- ACTIVITY:
The answer must consist only of the lines in the records below from the line with "Colar com Nome" to the line with "- 【快適な座り心地】ウレタ", both included, copied word for word with every picture left out.

- DATASET RECORDS:
_ _ _ _ _

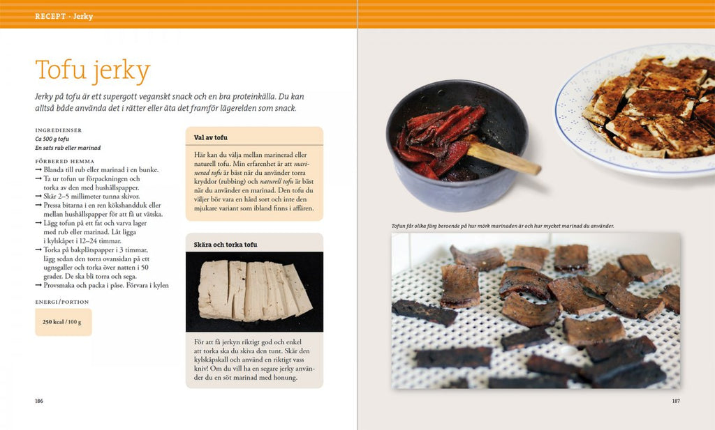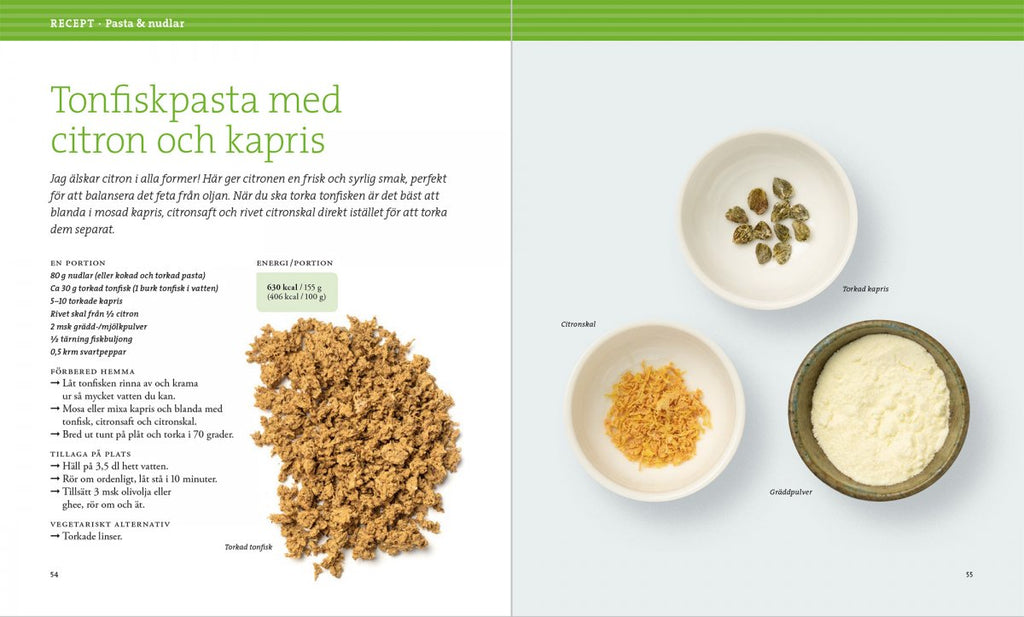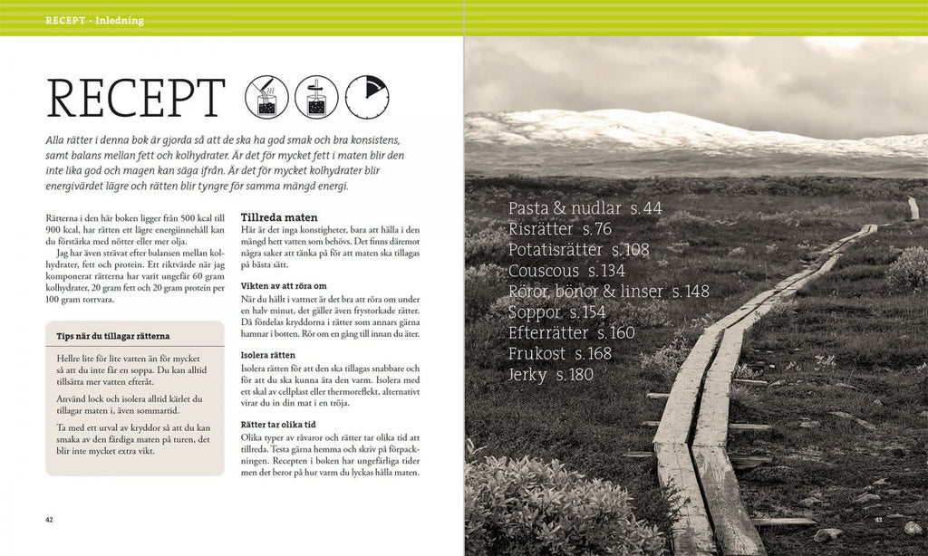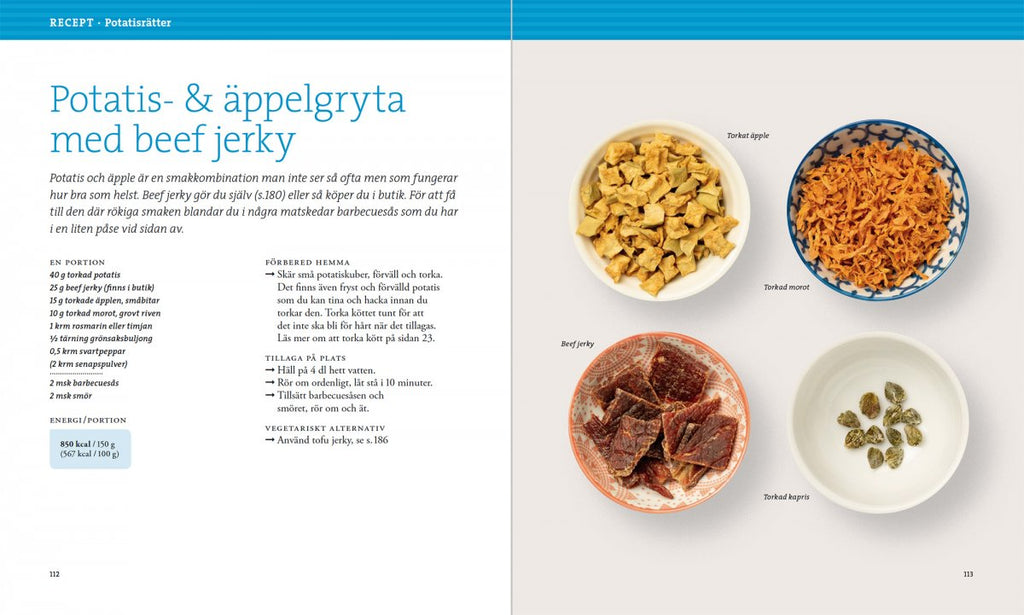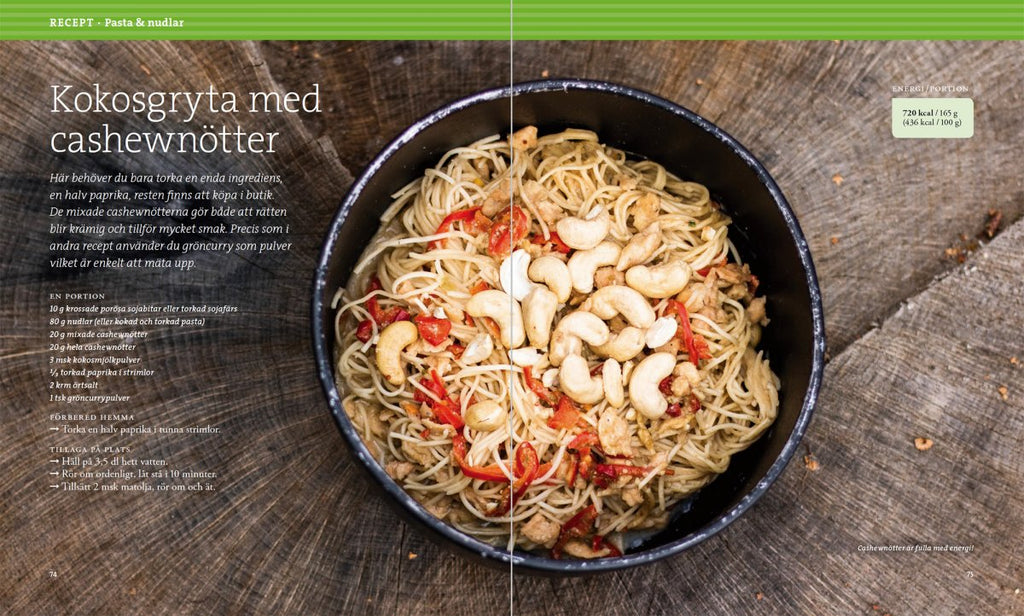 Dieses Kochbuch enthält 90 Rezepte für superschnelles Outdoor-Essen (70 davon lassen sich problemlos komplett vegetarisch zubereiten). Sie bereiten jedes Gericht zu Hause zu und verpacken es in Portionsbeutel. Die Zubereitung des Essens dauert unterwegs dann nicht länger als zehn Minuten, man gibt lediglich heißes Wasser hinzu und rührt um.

_ _ _ _ _

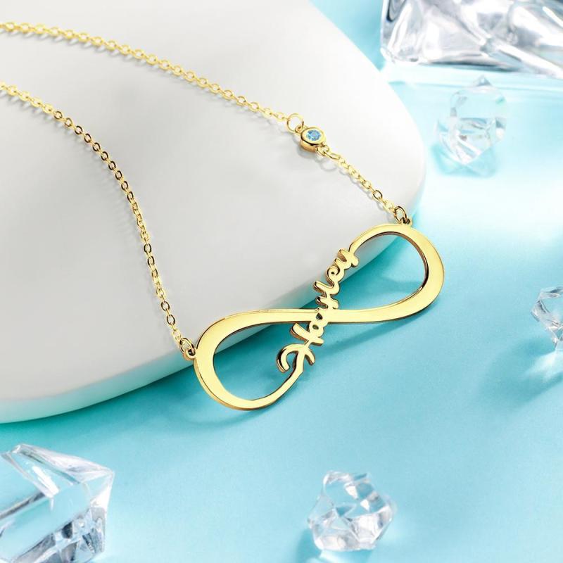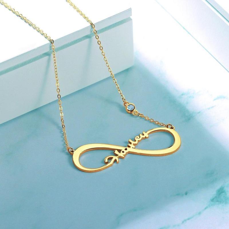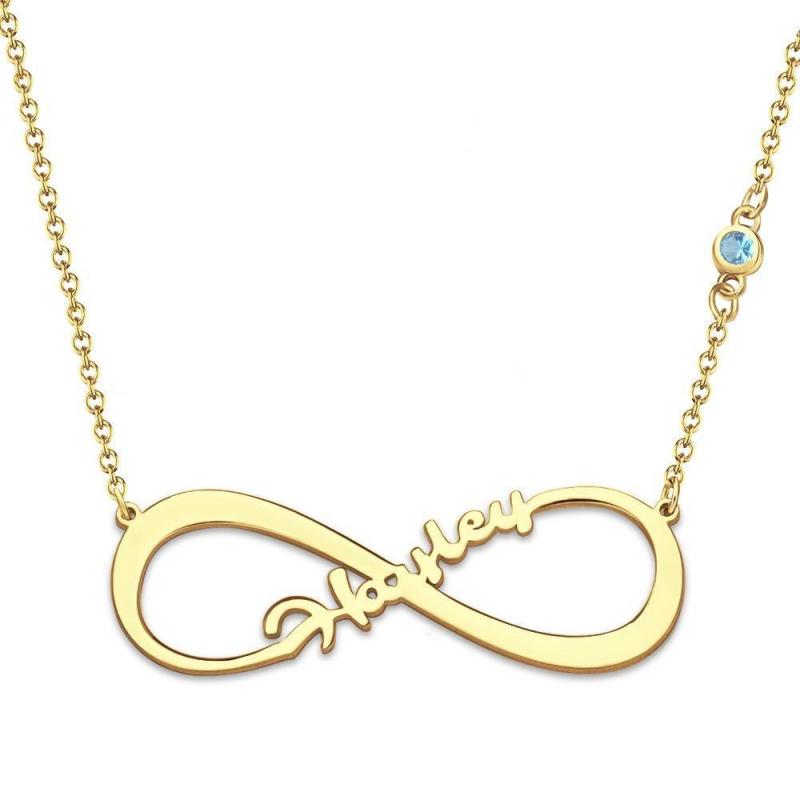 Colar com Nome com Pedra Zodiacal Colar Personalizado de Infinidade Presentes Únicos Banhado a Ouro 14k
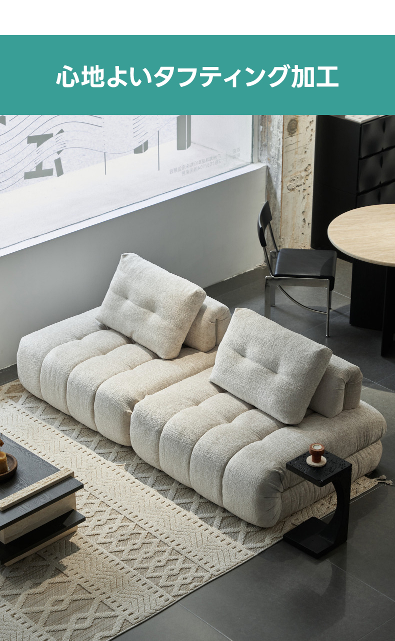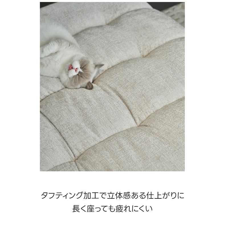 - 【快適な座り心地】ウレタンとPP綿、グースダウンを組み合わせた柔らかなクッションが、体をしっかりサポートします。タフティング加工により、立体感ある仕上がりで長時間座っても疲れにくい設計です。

_ _ _ _ _

- OUTPUT:
 Colar com Nome com Pedra Zodiacal Colar Personalizado de Infinidade Presentes Únicos Banhado a Ouro 14k
 - 【快適な座り心地】ウレタンとPP綿、グースダウンを組み合わせた柔らかなクッションが、体をしっかりサポートします。タフティング加工により、立体感ある仕上がりで長時間座っても疲れにくい設計です。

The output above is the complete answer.